→ **YOUR GOAL**
Beginning with the line where "Navigation Rules Pro has" appears, restate each line word for word until the data ends. Pictures do not go in.

EXERCISE MATERIAL START

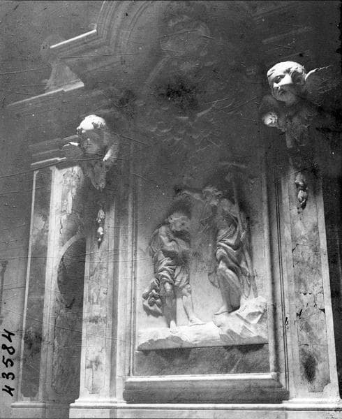 Le bas-relief du centre représente le baptême du Christ par saint Jean-Baptiste.
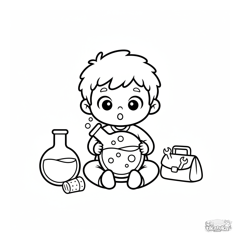Página para colorear simple para niños pequeños 2-3: un niño con un matraz grande de poción burbujeante en un laboratorio secreto.
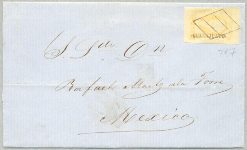 1856, first Hidalgo issue, 1 r, yellow, with district opt GUANAJUATO, with a clear mute cancel (Schatzkes 473), on 1/2 ounce letter from GUNAJUATO to MEXICO, very fresh and desirable, XF! Schätzpreis 800€.
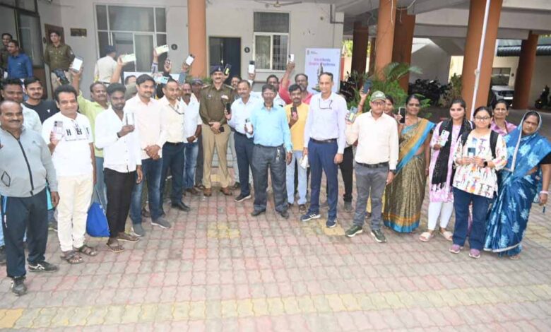 पुलिस अधीक्षक जबलपुर श्री सम्पत उपाध्याय (भा.पु.से.) के आदेशानुसार एवं अतिरिक्त पुलिस अधीक्षक अपराध श्री जितेन्द्र सिंह के निर्देशन में गुम हुये मोबाइल तलाशे जा रहे हैं। 6 नवंबर को पुलिस अधीक्षक कार्यालय में पुलिस अधीक्षक जबलपुर श्री सम्पत उपाध्याय (भा.पु.से.) के निर्देशन में अतरिक्त पुलिस अधीक्षक अपराध श्री जितेन्द्र सिंह द्वारा CEIR PORTAL के माध्यम से जबलपुर पुलिस द्वारा तलाशे गये गुम हुए 151 मोबाईल, जिनकी अनुमानित कीमत लगभग 28 लाख रूपये हैं, मोबाईल धारकों को पुलिस अधीक्षक कार्यालय में वापस किये गए।
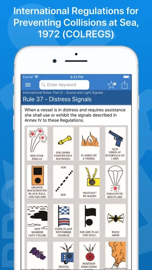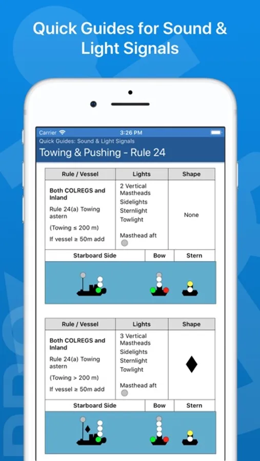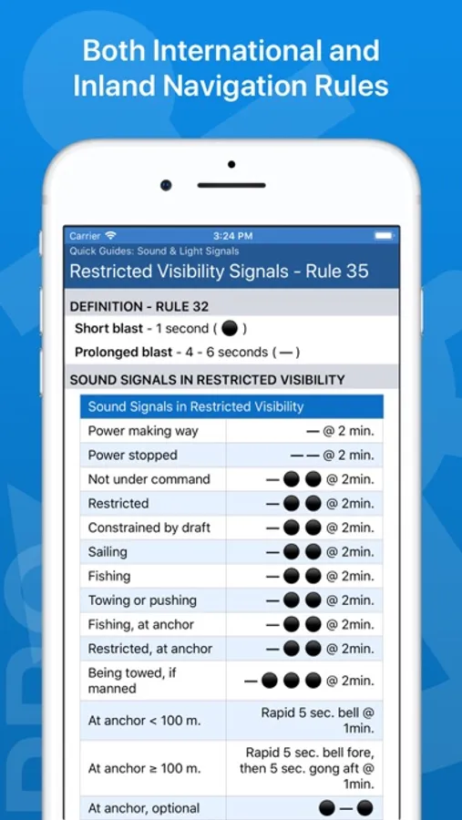 Navigation Rules Pro has everything in our popular Navigation Rules app plus over 100 pages of additional important reference material. Navigation Rules Pro contains a complete copy of the International Regulations for Preventing Collisions at Sea, 1972 (COLREGS), including amendments and the Inland Navigation Rules, in effect for all inland waters, including the Great Lakes plus the following information a boater needs:
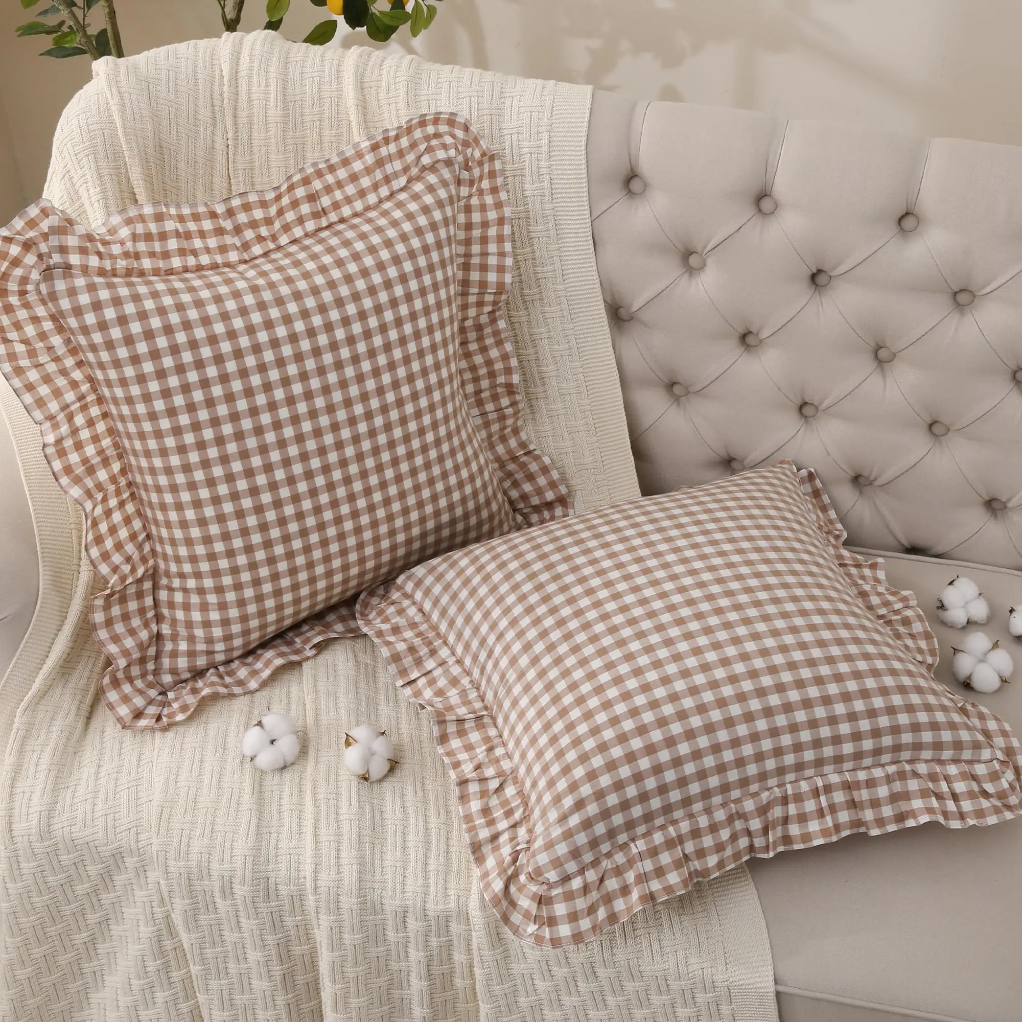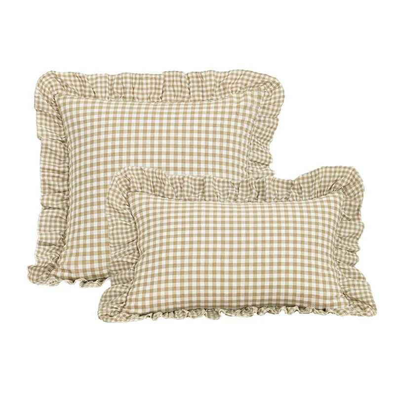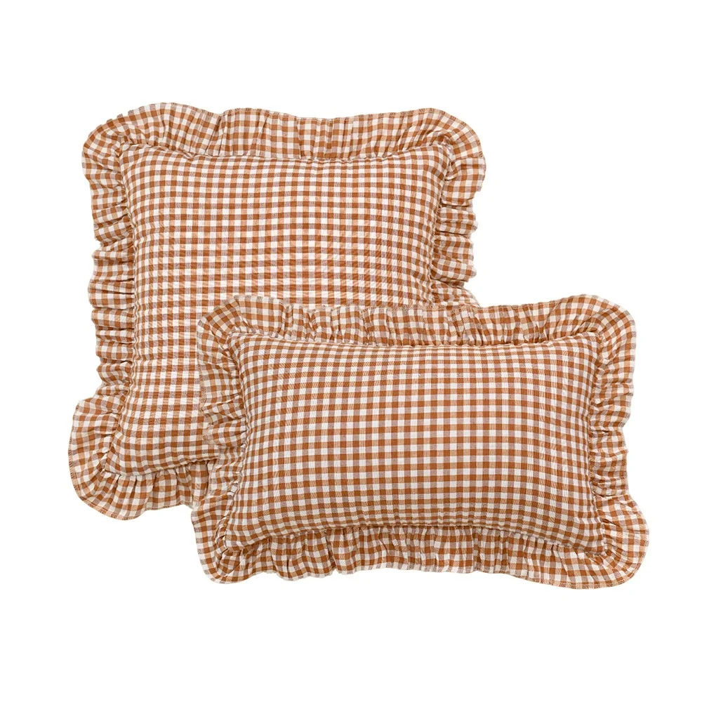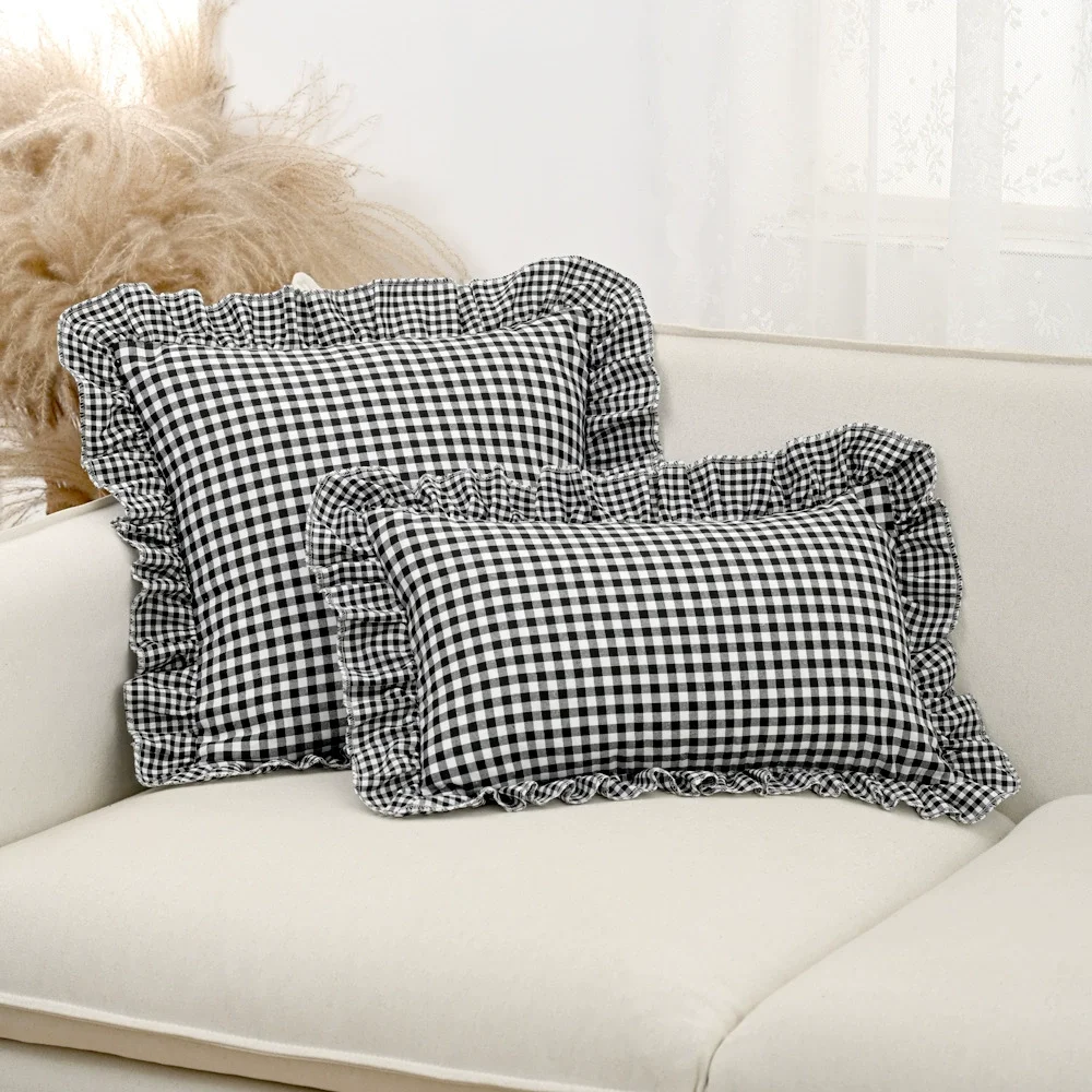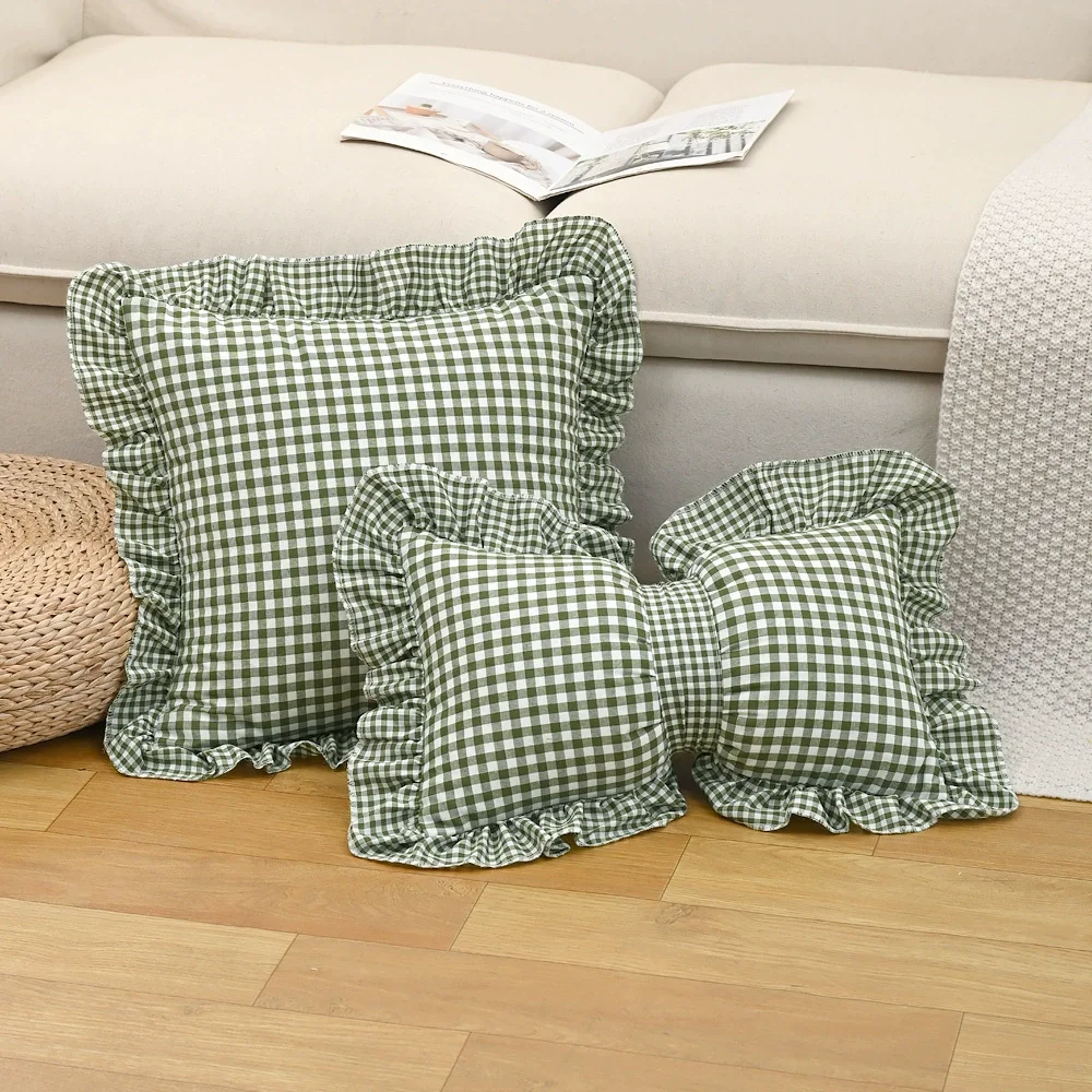 Com estampa xadrez suave e acabamento em babado delicado, ela carrega um charme rústico e atemporal — perfeito para criar espaços mais aconchegantes, leves e cheios de personalidade.

EXERCISE MATERIAL END

→ **OUTPUT FOR THIS EXERCISE**
 Navigation Rules Pro has everything in our popular Navigation Rules app plus over 100 pages of additional important reference material. Navigation Rules Pro contains a complete copy of the International Regulations for Preventing Collisions at Sea, 1972 (COLREGS), including amendments and the Inland Navigation Rules, in effect for all inland waters, including the Great Lakes plus the following information a boater needs:
 Com estampa xadrez suave e acabamento em babado delicado, ela carrega um charme rústico e atemporal — perfeito para criar espaços mais aconchegantes, leves e cheios de personalidade.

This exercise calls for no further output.